The UAE's Hope spacecraft could have helped enhance Nasa's knowledge on Mars' current and extreme dust storms if it was already orbiting the Red Planet, as the giant dusters have put the Mars-based Opportunity Rover "in danger", a senior Nasa expert, who has been working on moon and Mars missions for the past 30 years, has said.

Dr Jim Rice, Nasa geology team leader and co-investigator on the Nasa Mars Exploration Rover Project Science Team, is scheduled to visit Dubai this month as a guest lecturer to the UAE's first Nasa-curriculum space camp that is being organised by Compass International, in collaboration with the UAE Space Agency.

Massive dust storms have spread all over the Red Planet in the past month, swallowing up Nasa's Opportunity rover. The US space agency had not heard back from the rover since June and the motor vehicle is currently in low-power mode.

"I'm looking forward to your nation's 2020 Mars Hope mission. It is unfortunate that the Hope mission is not at Mars right now because it would greatly enhance our knowledge of the massive dust storm that has enveloped the planet for the past month and put the Opportunity Rover, which I work on, in danger," Dr Rice told Khaleej Times in an exclusive interview.

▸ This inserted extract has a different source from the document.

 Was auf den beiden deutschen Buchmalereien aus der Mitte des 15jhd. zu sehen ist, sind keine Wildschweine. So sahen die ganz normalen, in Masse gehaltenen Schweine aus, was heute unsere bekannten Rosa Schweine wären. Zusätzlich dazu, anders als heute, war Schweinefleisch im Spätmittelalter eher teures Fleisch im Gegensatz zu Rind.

Dr Rice also touched on the UAE's other space missions, which he said are moving rapidly and will help the space industry in various ways. Rice is also keen on exploring opportunities on how he can participate in some of the UAE's space projects. He said the UAE's mission to build an entire city on Mars by 2117 is an "interesting and ambitious long-term project" that should yield useful information about how to explore and live on Mars in the future.

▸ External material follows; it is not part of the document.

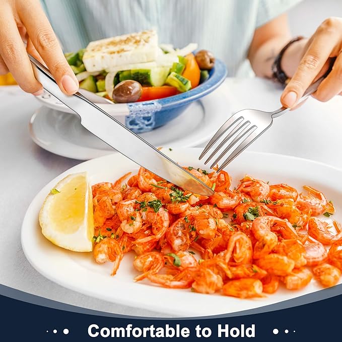 - Exquisite workmanship, highly mirror polished, smooth and shiny metallic sheen make cleaning effortless, each piece was carefully polished without rough edges and gaps, ensure the safety of your lip, practical eating utensils set would be a perfect surprise for housewarming, thanksgiving, Christmas

"This project can be a very important stepping stone in humanity's quest to move mankind off this planet and on to Mars, thereby making us a multi-planet species. I personally hope to learn more about this effort first-hand while I am in your nation and possibly discuss any future participation in this project," Rice said. His career spans 30 years working on Nasa Moon and Mars missions, as well as conducting field geology investigations around the world in numerous Moon and Mars analog sites.

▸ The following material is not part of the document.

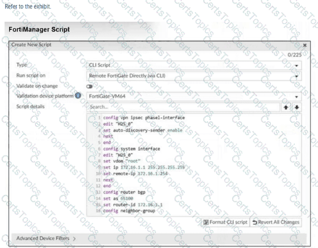 Which two actions will occur if you run the script using the Remote FortiGate Directly via CLI option? Choose two answers

"I am impressed with the UAE's commitment and its plans for space exploration in both the manned and unmanned sectors. For a space agency that was formed just in 2014, things are moving very rapidly. I have read that the UAE astronaut selection programme started last year with the goal of sending four Emiratis into space within the next three years."

Dr Rice will be holding an educational discussion with students at the Space and Rocketry Academy Camp, which is being held from July 15 to August to 23 at the Lapita Hotel in Dubai Parks and Resorts.

"I am going to be discussing a wide range of space exploration topics with the students while I am in Dubai. These topics will range from the early history of the Space Age (1950s and 1960s) to the major discoveries of current ongoing Mars missions, as well as talking about future Mars missions being planned around the world including the UAE's 2020 Hope Mission to Mars. I will also be discussing some basic orbital mechanics addressing the timing of when and how missions can be launched to Mars, the selection process for Mars landing sites, the effects of space travel on the human body and why space exploration is important for our future," he said.